МИСТЕРИИ МОРИСА БУШОРА

Должно заметить, что неоромантики слишком часто стараются убедить критиков, вместо того чтобы покорить зрителей.

Подобно Метерлинку, Морис Бушор дает публике художественное исповедание в объяснительном письме к критику Жюлю Леметру по поводу своей мистической драмы«Елевзинские таинства»[1232].У автора немалые претензии. Он желает символическими образами, заимствованными из древнегреческих мистерий, выразить весь мировой процесс развития, причем в довольно странном сочетании сближает мифологию с христианскими догматами, философию неоплатоников с современной научной теорией эволюции. Олимпийский Зевс постоянно превращается, достигая высших и высших форм нравственной жизни и увлекая за собою в бесконечные пути к совершенству все тени усопших, все бесчисленные души, заключенные в Аиде. Хорошо знакомый нам как неисправимый поклонник красивых женщин Эллады и ветреный муж ревнивой Геры, Зевс, очищенный и просветленный в конце XIX века в духе наивных спиритических книжек Аллан Кардек, представляет довольно безвкусное порождение неоромантической фантазии. Жюль Леметр, имея доброту отнестись серьезно к философским стремлениям пиесы, заметил Морису Бушору, что всякое эволюционное объяснение вселенной (то есть как ряда ступеней нравственного развития, причем каждая является средством для последующей) предполагает неустранимую долю несправедливости. В самом деле, почему же те, кто родились раньше, должны страдать и погибать для благополучия тех, кто родился позже, почему тени, сошедшие в Аид до преображения Зевса Олимпийского в светлейшую форму, должны изнывать и томиться во мраке смерти и рабства?

На это Морис Бушор с торжественной важностью, как истинный жрец–мистагог III века, посвящающий в таинства Цецеры, отвечает критику, что в мистерии «освобождение даруется равно всем душам, заслуживающим его добродетелью, и ничто не заставляет думать, что тени, сошедшие в Аид ранее „transformation de Zeus'[1233]не участвуют в благодати нового закона.
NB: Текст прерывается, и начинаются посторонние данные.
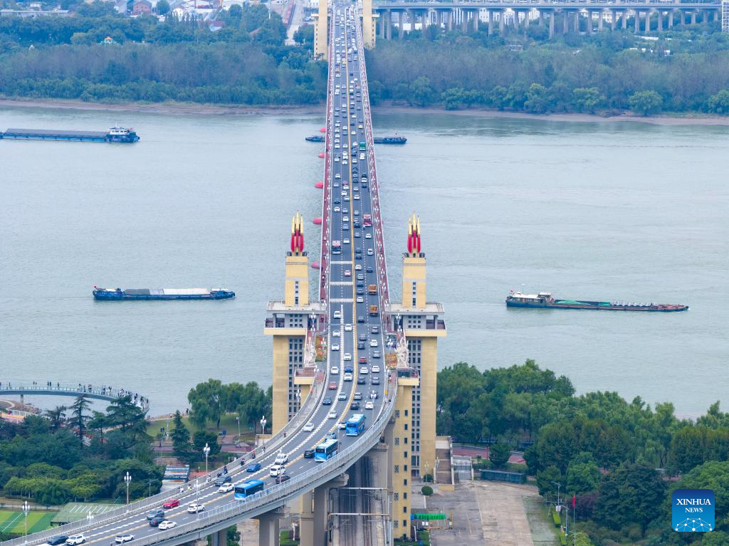 An aerial drone photo taken on Oct. 1, 2024 shows the traffic on the Nanjing Yangtze River Bridge in Nanjing, east China's Jiangsu Province. Tuesday marks the first day of China's National Day holiday. China is expected to see 175 million railway trips during the 10-day travel rush, which runs from Sept. 29 to Oct. 8, according to China State Railway Group Co., Ltd. (Photo by Yang Suping/Xinhua)
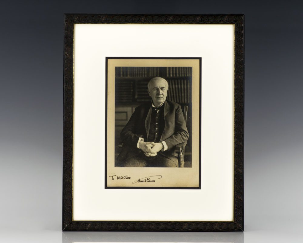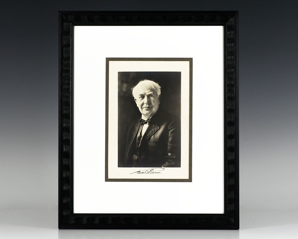 Large signed photograph of Thomas Edison showing him in his library with hands clasped. Inscribed by Thomas Edison. Double matted and framed. The entire piece measures 15.5. inches by 18.5 inches.
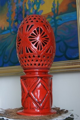 Szkliwiona na czerwono: kolor szkliwa:czerwień kardynalska.
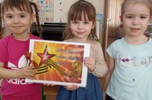 В рамках воспитания патриотических чувств детей и уважения к ветеранам В.О.В., в преддверии празднования 77 – летию Дня Победы в детском саду проходит тематическая неделя, посвящённая этому великому празднику. В старшей группе «Колокольчики» оформлен стенд «9 мая – День Победы» и выставка детских рисунков «Они сражались за Родину». В приемной оформлены коллективные работы ребят и воспитателей «Наша Великая победа» и «Уголки памяти»
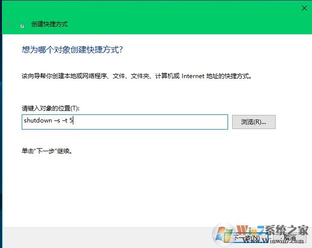 2.在创建快捷方式窗口界面中,我们在对象的位置中输入“shutdown –s –t 5”指令,然后点击“下一步”按钮,如下图所示
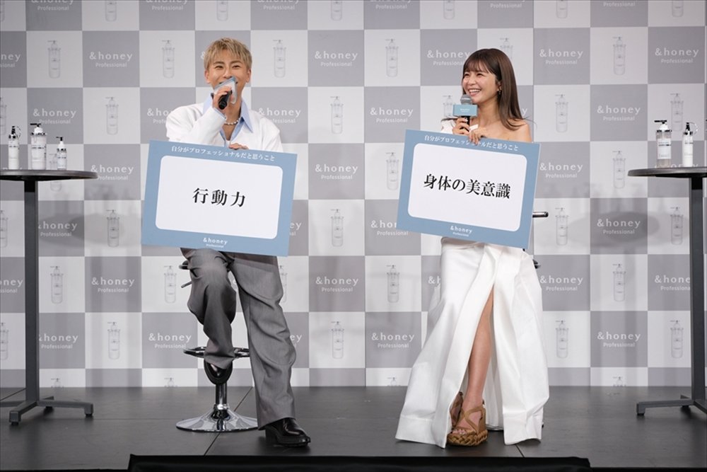 次に、今回の新商品はプロフェッショナルシリーズということで今までの&honeyからガラリと雰囲気が変わったことに、最近変わったモノやコトについて聞かれると、與は「ノマド生活を始めて、世界をぐるぐる回って自由な生活をしています。最近はメキシコにも行って、友人たちと音楽フェスを観に行きました」とコメントした。宇野は、「今までハイトーンだったのですが、皆さんに潤い髪を見せたくてダークトーンにしてきました。」と回答し、実際にサラサラでツヤのある髪の毛を来場者の前で披露し、会場の注目を集めていた。普段のヘアケアの方法や毎日ルーティーンで行っていることについて聞かれると、宇野は「スキンケアも調子に合わせて変えると思うのですが、髪もその日のコンディションに合わせて向き合って変えるようにしています。髪を結ぶ時も柔らかいシュシュ(髪留め)にしています。」と回答した。
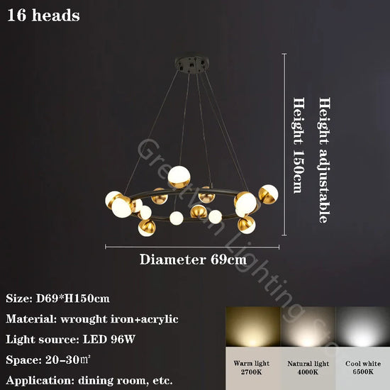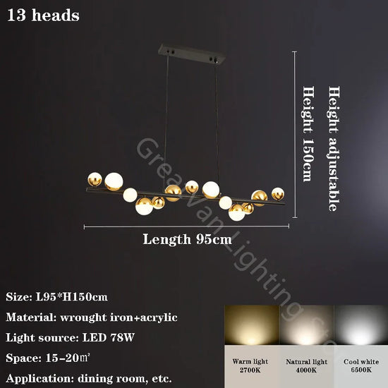 Ce lustre nordique LED ne se contente pas seulement d'ajouter du style à votre intérieur, il vous permet également d'optimiser votre éclairage tout en respectant l'environnement. Les LED intégrées réduisent la consommation énergétique et prolongent la durée de vie du produit. La structure en fer et les boules en verre sont judicieusement choisis pour une durabilité accrue et un look intemporel.
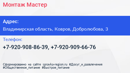 Монтаж Мастер по адресу Владимирская область, Ковров, Добролюбова, 3 в дальнейшем Организация, размещена в следующих категориях:
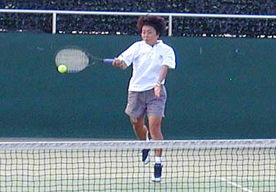 戦いとなった。 期待通りの見ごたえのあるラリーの応酬がつづき、 第1セットは7−5で和田、第2セットは6−4で榎本がとり、 勝負は最終セットにもちこまれた。 最終セットにはいり、榎本選手が疲労で動きが悪くなり、 1−3で足にけいれんをおこし、リタイア。和田選手が決勝進出を決めた。 |

Души, выходящие первыми из Аида, суть как бы прекрасные первые плоды («Les premisses charmantes»), говорит Иаххос, будущее обильной жатвы. Я не мог на сцене показать необъятную толпу, но несколько „хоретов” должны изображать множество освобожденных душ. Ежели и здесь есть некоторая несправедливость, то лишь в том, что души, ранее сошедшие в Аид, долгое время ждут превращения Зевса — эволюции к высшей форме справедливости, так же, впрочем, как ведь и в христианском учении, где праведники старого закона долго томятся во тьме ада, ожидая Христа. Во всяком случае, это —minimumнесправедливости. И даже этотминимум, как будто вытекающий из моей пьесы, не должен беспокоить читателя, так как он имеет основание предполагать, что эволюция Зевса и Закона есть нечто совершенно символическое… В моих „Елевзинских таинствах” я не допускаю никакого разрушения личности. Я никогда не примкну к чистому буддизму, потому что верю, что жизнь прекрасна сама по себе и божественна, когда она открывается нам в проявлении высших сил. Любовь–жалость, проповедуемая Сакья–Муни, кажется мне не средством для погашения всяких желаний, всякой деятельности, на которые буддисты смотрят как на источники человеческих страданий; напротив, любовь сама в себе кажется мне целью, истинною и божественною целью всех существ… То, в чем я никогда себе не изменяю, — заключает Бушор, — есть самое главное, а именно: закон любви, закон, который требует, чтобы своего ближнего мы возлюбили, как самого себя».

Для подтверждения такой прописной морали не стоило прибегать к «Елевзинским таинствам», тревожить Зевса Олимпийского. Вообще надо заметить, что все эти рассуждения, несмотря на туманную мистическую внешность, довольно‑таки поверхностны и банальны, что выступает еще яснее благодаря наивной и тщетной претензии на философское глубокомыслие.